═════ DATA ═════
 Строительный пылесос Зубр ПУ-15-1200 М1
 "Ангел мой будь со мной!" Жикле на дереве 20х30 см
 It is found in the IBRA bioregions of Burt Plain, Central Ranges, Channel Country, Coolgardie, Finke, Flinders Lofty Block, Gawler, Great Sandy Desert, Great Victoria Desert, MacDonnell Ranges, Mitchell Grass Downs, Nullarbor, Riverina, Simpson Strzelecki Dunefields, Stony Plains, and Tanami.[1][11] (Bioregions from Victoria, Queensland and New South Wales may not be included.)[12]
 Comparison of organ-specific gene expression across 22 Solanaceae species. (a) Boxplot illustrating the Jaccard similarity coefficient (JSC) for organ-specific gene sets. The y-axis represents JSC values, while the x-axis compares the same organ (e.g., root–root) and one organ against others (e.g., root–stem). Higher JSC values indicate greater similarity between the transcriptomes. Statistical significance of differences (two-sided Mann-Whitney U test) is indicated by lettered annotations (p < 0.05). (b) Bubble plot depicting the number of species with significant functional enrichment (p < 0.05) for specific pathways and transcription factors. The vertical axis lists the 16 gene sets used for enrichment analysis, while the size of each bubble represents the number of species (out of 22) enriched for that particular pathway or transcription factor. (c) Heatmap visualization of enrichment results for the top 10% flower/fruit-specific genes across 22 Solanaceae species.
═════
═════ DATA ═════
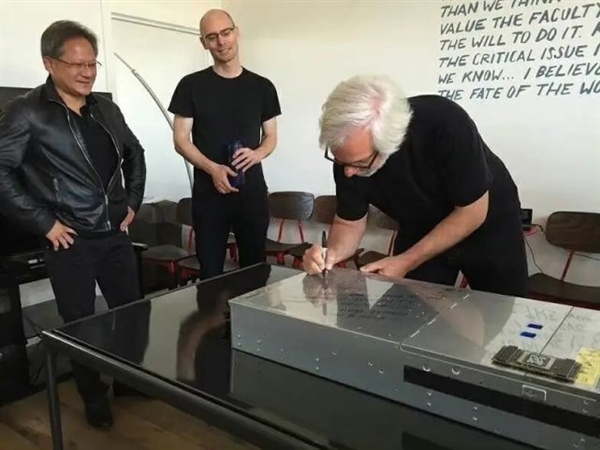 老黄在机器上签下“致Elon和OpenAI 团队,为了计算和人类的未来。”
═════
═════ DATA ═════
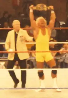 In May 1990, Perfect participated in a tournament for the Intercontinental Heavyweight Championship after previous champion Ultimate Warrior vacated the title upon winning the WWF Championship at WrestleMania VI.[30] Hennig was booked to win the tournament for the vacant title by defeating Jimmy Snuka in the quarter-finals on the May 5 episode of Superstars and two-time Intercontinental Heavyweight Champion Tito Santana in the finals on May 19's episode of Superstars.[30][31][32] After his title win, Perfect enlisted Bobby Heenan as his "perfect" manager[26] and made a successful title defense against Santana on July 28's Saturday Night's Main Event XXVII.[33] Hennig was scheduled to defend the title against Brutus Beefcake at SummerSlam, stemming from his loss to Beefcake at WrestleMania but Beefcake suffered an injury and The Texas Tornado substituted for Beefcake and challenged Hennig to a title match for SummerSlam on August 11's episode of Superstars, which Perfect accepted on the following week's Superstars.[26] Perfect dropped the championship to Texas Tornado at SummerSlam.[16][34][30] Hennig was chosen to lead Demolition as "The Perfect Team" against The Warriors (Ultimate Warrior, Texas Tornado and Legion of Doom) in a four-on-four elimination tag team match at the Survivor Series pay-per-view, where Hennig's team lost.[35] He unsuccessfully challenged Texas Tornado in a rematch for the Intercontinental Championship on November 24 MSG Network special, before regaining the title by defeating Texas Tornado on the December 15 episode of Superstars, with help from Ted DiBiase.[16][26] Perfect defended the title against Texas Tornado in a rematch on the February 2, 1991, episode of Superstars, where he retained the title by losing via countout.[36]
═════
_TASK TO COMPLETE:_ Going back over the entries above, copy word for word every line from the one that has "Строительный пылесос Зубр ПУ-15-1200 М1" on through the one that has "Comparison of organ-specific".

_RESULT OF THE EXERCISE:_
 Строительный пылесос Зубр ПУ-15-1200 М1
 "Ангел мой будь со мной!" Жикле на дереве 20х30 см
 It is found in the IBRA bioregions of Burt Plain, Central Ranges, Channel Country, Coolgardie, Finke, Flinders Lofty Block, Gawler, Great Sandy Desert, Great Victoria Desert, MacDonnell Ranges, Mitchell Grass Downs, Nullarbor, Riverina, Simpson Strzelecki Dunefields, Stony Plains, and Tanami.[1][11] (Bioregions from Victoria, Queensland and New South Wales may not be included.)[12]
 Comparison of organ-specific gene expression across 22 Solanaceae species. (a) Boxplot illustrating the Jaccard similarity coefficient (JSC) for organ-specific gene sets. The y-axis represents JSC values, while the x-axis compares the same organ (e.g., root–root) and one organ against others (e.g., root–stem). Higher JSC values indicate greater similarity between the transcriptomes. Statistical significance of differences (two-sided Mann-Whitney U test) is indicated by lettered annotations (p < 0.05). (b) Bubble plot depicting the number of species with significant functional enrichment (p < 0.05) for specific pathways and transcription factors. The vertical axis lists the 16 gene sets used for enrichment analysis, while the size of each bubble represents the number of species (out of 22) enriched for that particular pathway or transcription factor. (c) Heatmap visualization of enrichment results for the top 10% flower/fruit-specific genes across 22 Solanaceae species.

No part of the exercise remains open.